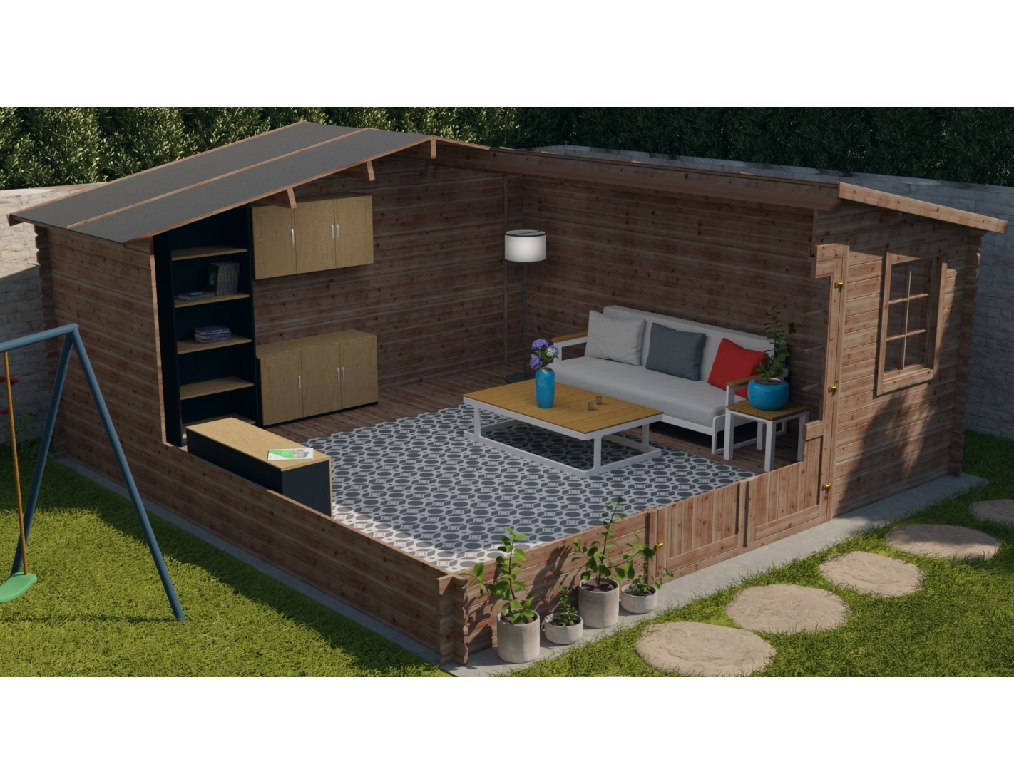 L'intérieur de l’abri est une forme régulière ce qui permet des aménagements libres, adaptatées aux besoins individuels. Cet abri de jardin est l'endroit idéal pour les réunions familiales, un atelier ou un lieu de détente. C'est aussi une proposition excellente pour les enfants qui rêvent d'avoir leur propre espace de jeux.
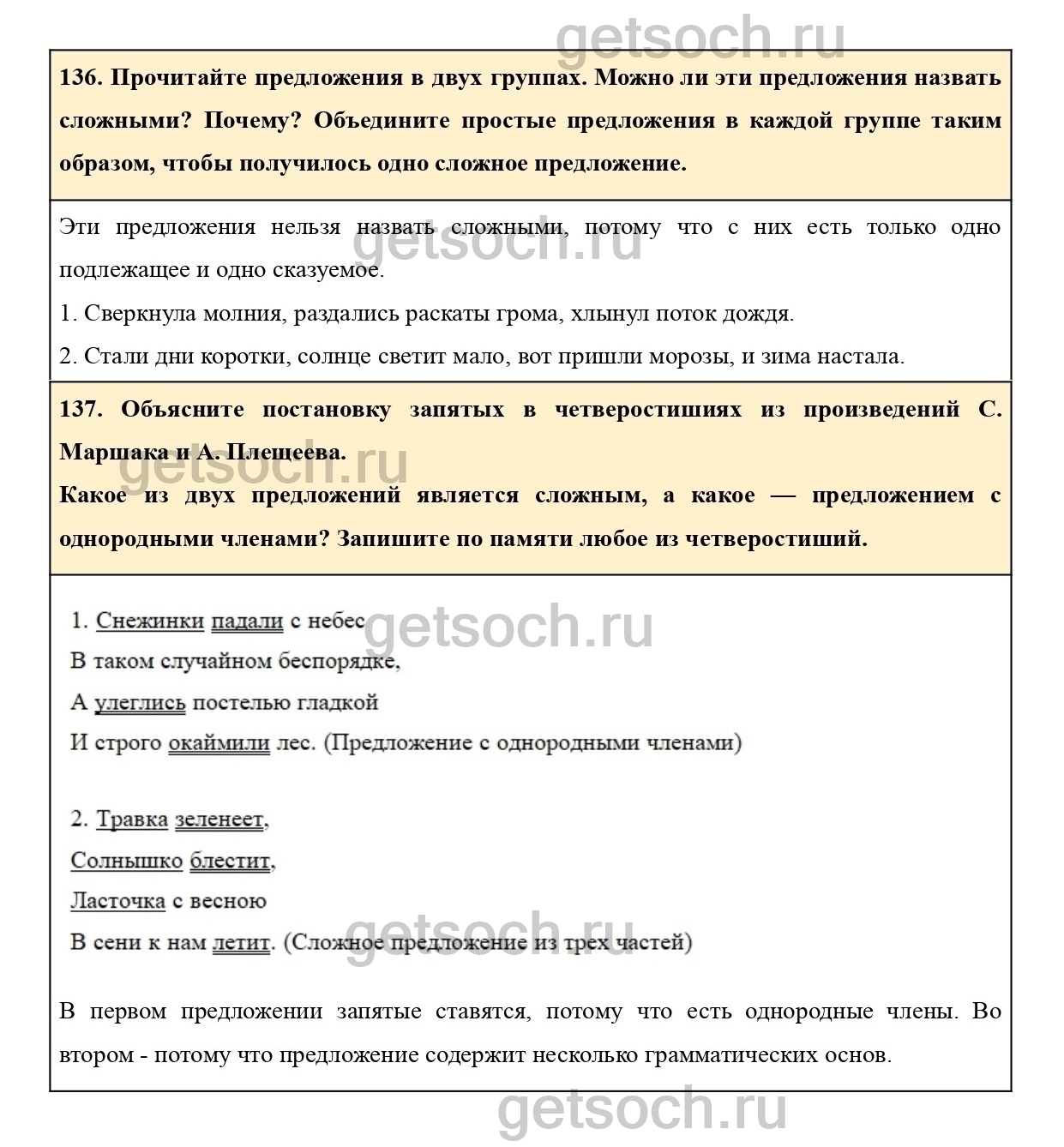 137. Объясните постановку запятых в четверостишиях из произведений С. Маршака и А. Плещеева.
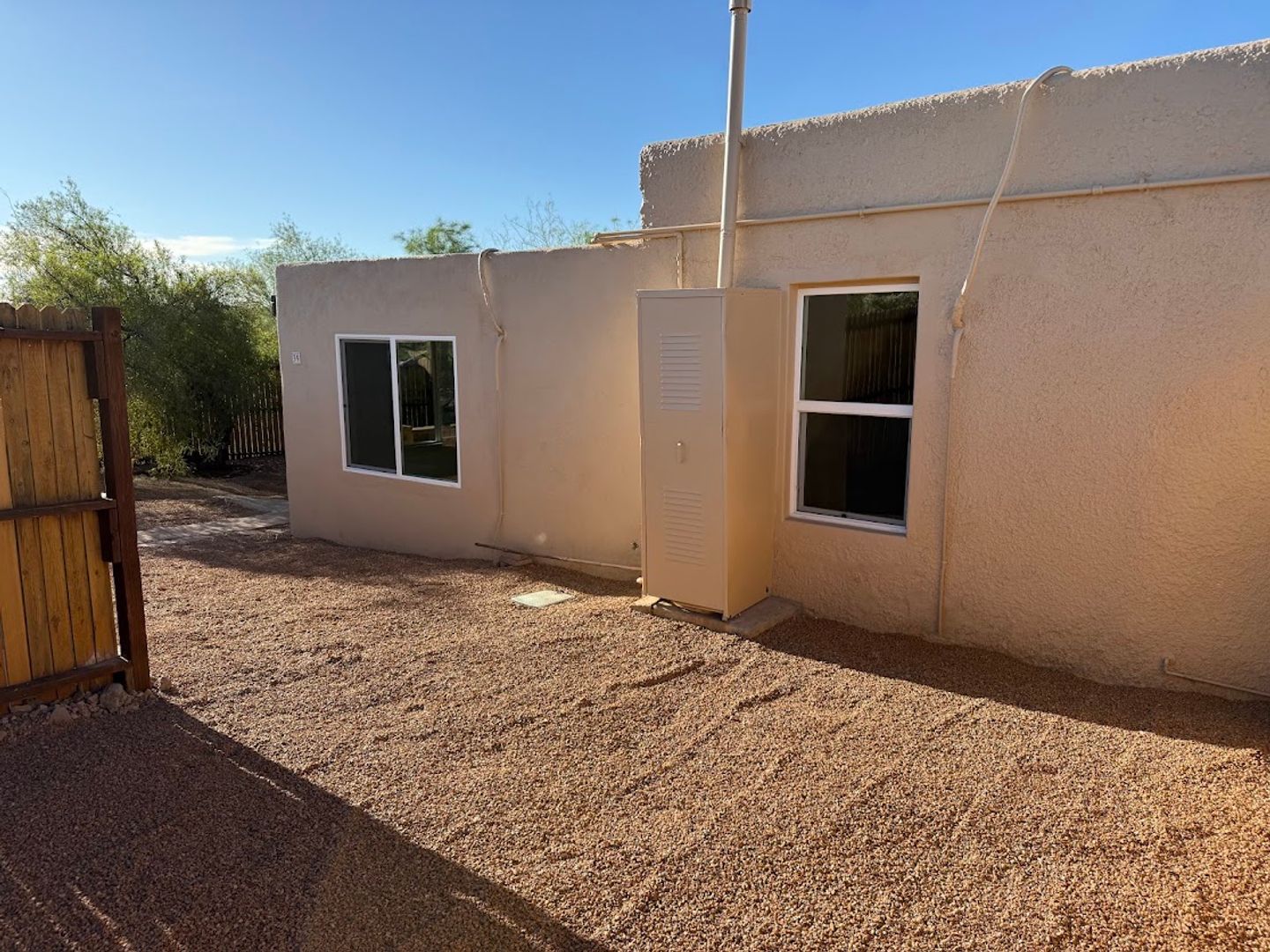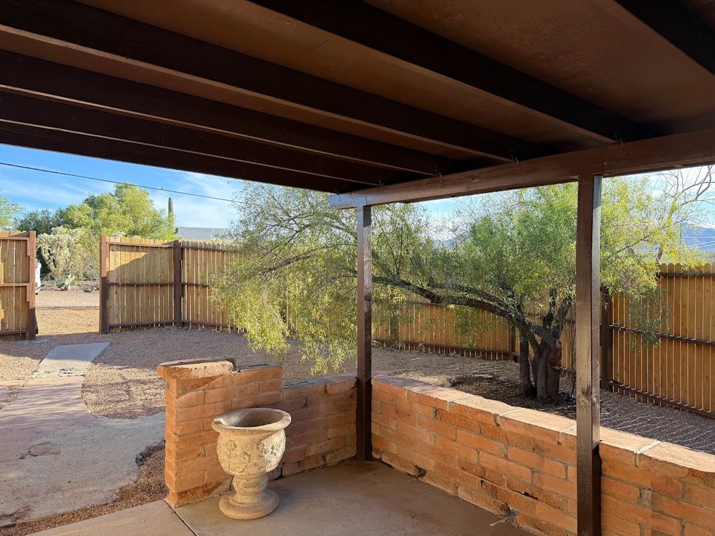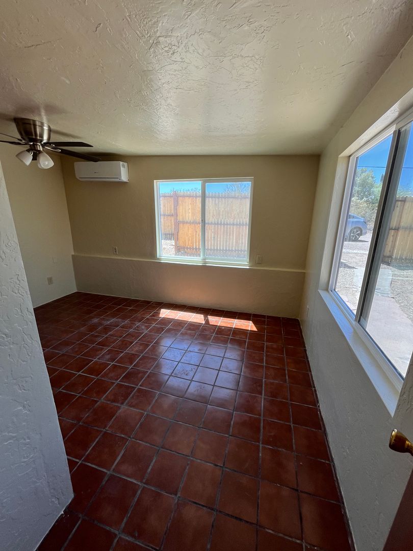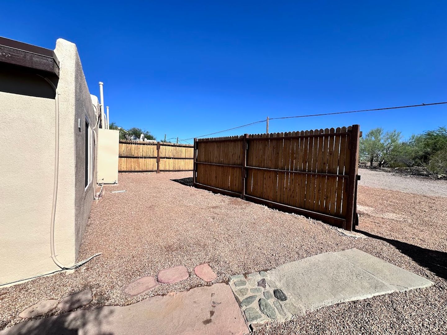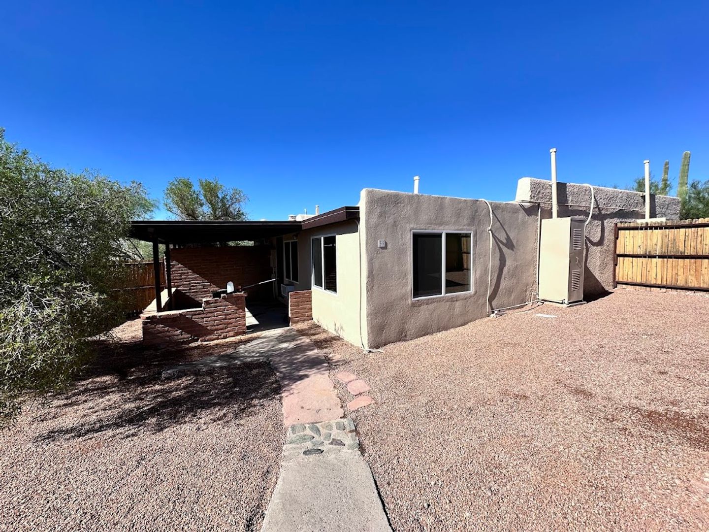 2 Bedroom/ 1 bathroom tucked away townhome- Features include: recently renovated, single story, mini splits, tile floors throughout, refrigerator and gas range. Large fenced in yard around entire unit, ceiling fans and large covered patio.

• **What you have to do**
Output only these lines, word for word: the line containing "137. Объясните постановку" and every line after it through the last line of the data. Omit the pictures.

• **Task output**
 137. Объясните постановку запятых в четверостишиях из произведений С. Маршака и А. Плещеева.
 2 Bedroom/ 1 bathroom tucked away townhome- Features include: recently renovated, single story, mini splits, tile floors throughout, refrigerator and gas range. Large fenced in yard around entire unit, ceiling fans and large covered patio.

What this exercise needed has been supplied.